Introduction

Malaria is still a significant health burden in many countries around the world with 249 million cases reported globally and 608,000 deaths in 20221. This disease is transmitted by Anopheles mosquitoes and is primarily caused by six Plasmodium species, which are Plasmodium falciparum, Plasmodium vivax, Plasmodium malariae, Plasmodium ovale curtisi, Plasmodium ovale wallikeri and Plasmodium knowlesi. In Malaysia, from the years 2018 to 2022, P. knowlesi has been the sole cause of all indigenous malaria cases. The persistence of P. knowlesi cases in Malaysia, accounting for 2505 cases and 9 deaths in 2022 alone, has prevented Malaysia from achieving the malaria-free status1 by the World Health Organisation.

Plasmodium knowlesi is considered a zoonotic malaria species as the parasite originally resides in a macaque host.
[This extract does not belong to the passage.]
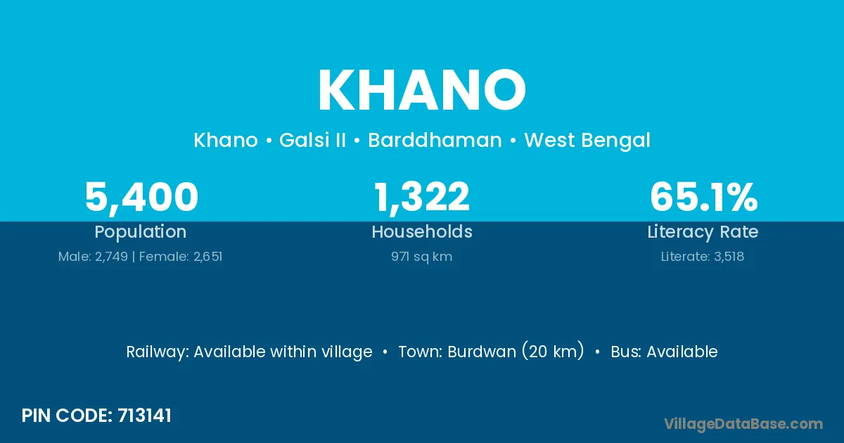 Burdwan (20 km) is the nearest town to Khano village for major economic activities and is located approximately 20 km away.

The currently known hosts of P. knowlesi are the long-tailed macaque (Macaca fasicicularis), pig-tailed macaque (Macaca nemestrina), banded-leaf monkey (Presbytis melolophus)2 and stumped-tailed macaque (Macaca arctoides)3. Thus, the transmission of P. knowlesi is a complex interaction between the macaque hosts, the Anopheline vectors and humans. It has been hypothesised that urbanisation and deforestation has resulted in increased interactions between humans, macaques and the Anopheline vectors, accounting for the rise of P. knowlesi cases over the recent years4. Thus, it is important to be able to identify the prevalence of P. knowlesi in the macaque hosts as these are the major reservoirs of the parasite.
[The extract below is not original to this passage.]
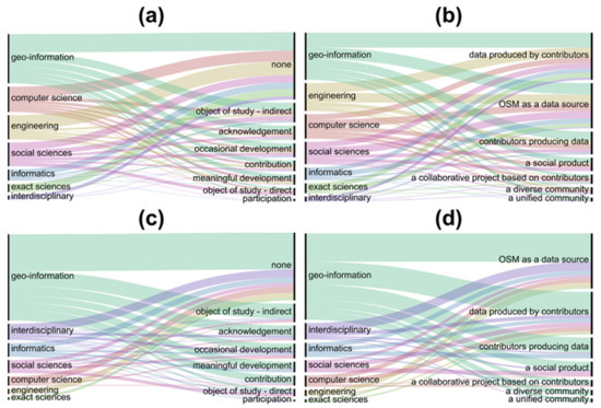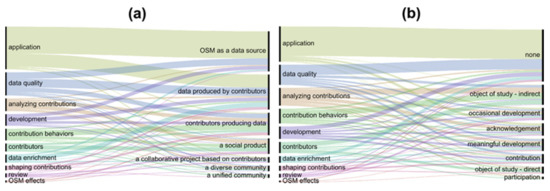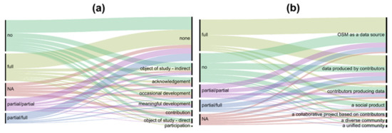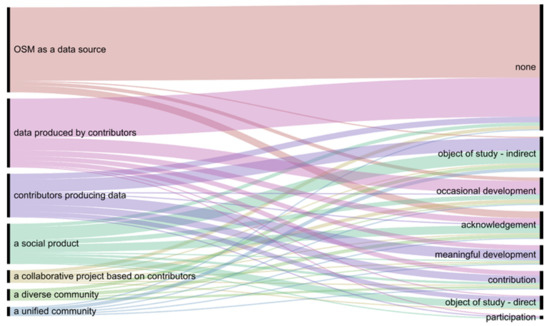 So far, we have analyzed each category independently of other variables (with the exception of geographic correspondence between affiliation and study area). Yet, as discussed in Section 1, it is possible that engagement with OSM-C (or lack thereof) will bias research towards certain directions. To explore this, this section analyzes the relations between the values of several pairs of variables to extract meaningful linkages between the measured values. This is undertaken in a qualitative way through the use of alluvial diagrams [47], which link values of one variable with values of another using lines, with the thickness of the line representing the number of observations (papers) classified using the specific pair of values. (All figures in this section were created using the online interface of RAWGraphs [48]). Notice that since it was possible to classify a paper using multiple values for some of the variables, some papers are ‘double-counted’ in these figures and hence the proportion of certain values change between figures. The CSV files upon which these figures are based are available at [44].

Apart from P. knowlesi, there are other Plasmodium species that are able to cause zoonotic infections in humans, four of which are found in wild macaques in Malaysia. The macaques, M. fascicularis and M. nemestrina, are known to harbour 5 Plasmodium species, which are P. knowlesi, Plasmodium cynomolgi, Plasmodium inui, Plasmodium coatneyi and Plasmodium fieldi. Since the first reported natural human infection of P. cynomolgi in 20145, there has been increasing reports of human P. cynomolgi infections throughout South East Asia, mostly as asymptomatic cases6,7,8,9,10,11. This suggests that P. cynomolgi could also be an emerging zoonotic threat, which needs to be further investigated. Recent reports have implied that P. inui too is capable of infecting humans under natural conditions12,13,14. Furthermore, surveillance studies using PCR-based methods in Thailand and indigenous communities in Malaysia, show that potentially P. coatneyi and P. fieldi could also be infecting humans12,14. Overall, the evidence suggests that all 5 of the common simian malaria parasites found in wild macaques in Malaysia should be considered zoonotic infectious agents in humans. Thus, it would be valuable to understand the prevalence of these species in the wild macaque population to be able to identify the zoonotic potential of these parasites.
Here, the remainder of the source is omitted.